The present invention relates to a method and apparatus for self-cleaning of heat exchangers of the shell-tube type in which transfer of heat is effected between two media, one of the media being conveyed through sets of tubes connected in parallel and the other media passing through the space between the tubes. More particularly, the present invention relates to a method and apparatus for cleaning the inner walls of the tubes of such shell-tube type heat exchangers.

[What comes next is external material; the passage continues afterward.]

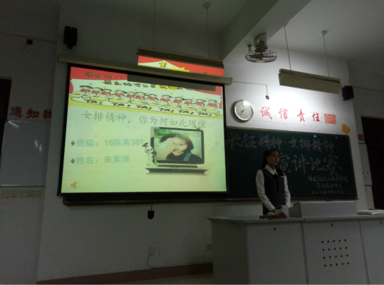 為傳承長征精神與奧運女排的拼搏精神,營造良好的校園文化氛圍。10月30日晚7點管理系學生會在教學樓209教室舉辦以“自強不息,百折不撓”為主題的演講比賽,9名選手參賽。

As is well known to persons skilled in the art, the efficiency of a heat exchanger of the shell-tube type is unavoidably lessened after some time of operation due to deposits on the tube walls, especially to deposits along the inner tube walls. Such deposits may be caused by mechanical impurities carried by the media flowing through the tubes which condense along the tube walls or by substances contained in the media in a state of solution but percipitated therefrom by thermal and/or chemical influences. These deposits impede the heat transition to transfer through the tube walls and thereby deteriorate the efficiency of the heat exchanger. When this efficiency is lowered to a certain fraction of the original efficiency thereof, the tubes have to be cleaned mechanically and/or chemically to restore the original efficiency. As can be appreciated, having to take the heat exchanger out of operation to accomplish this cleaning necessarily lessens the economic efficiency of the apparatus in which the heat exchanger is employed, and thus tends to increase the cost of operation of the unit.

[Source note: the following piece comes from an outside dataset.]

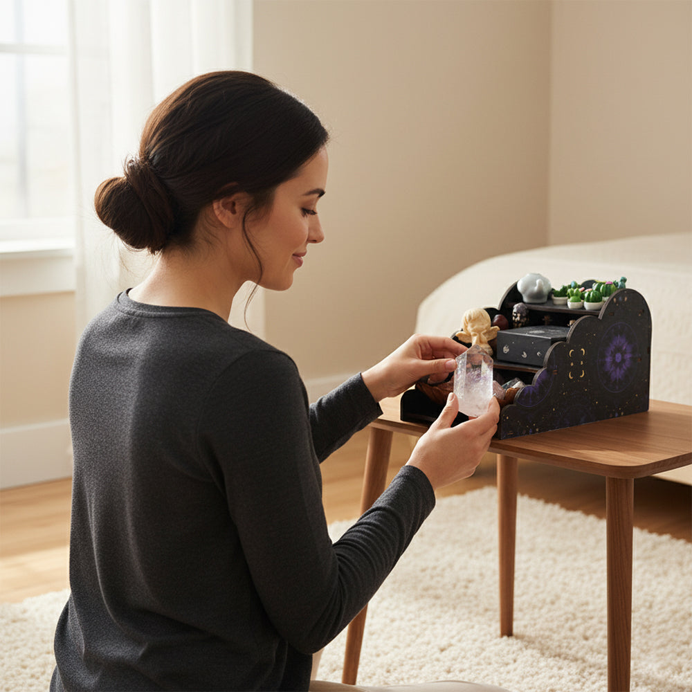 - Versatile Display Capabilities: This shelf is perfect for displaying decorative items such as crystals, stones, and other small treasures. Its unique design not only highlights your collection but also adds a touch of elegance and whimsy to your living space.
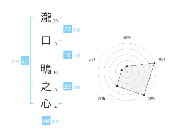 瀧口 鴨之心さんの地格は23画の5点!

It is desirable in many instances to recover and utilize for a useful purpose hot gases generated by combustion or other plant operation which might otherwise simply be exhausted to the atmosphere. For example, in foundry operations, significant amounts of heat are generated in the melting furnace or cupola. It has been found that this heat can be used effectively and for a useful purpose as for instance, in heating a second fluid, such as water which may then be utilized for space heating of the plant. Normally, the hot gases generated in the furnace are directed through air pollution and filtering systems for removing entrained ash, molten slag or other condensable fumes which necessarily results in a cooling of the gases such that it is often not possible to utilize efficiently such gases in a heat exchanger. Accordingly, it has been found desirable to pass the hot dirty gases through a heat exchanger prior to conduction through air pollution and environmental filtering systems. However, passing of such dirty gases through tubes in a shell-tube type heat exchanger has generally been found to result in significant condensation of the condensable fumes and accumulation to the entrained ash and molten slag on the inner surfaces of the tubes which, as noted above, reduces the heat transfer efficiency of the heat exchanger.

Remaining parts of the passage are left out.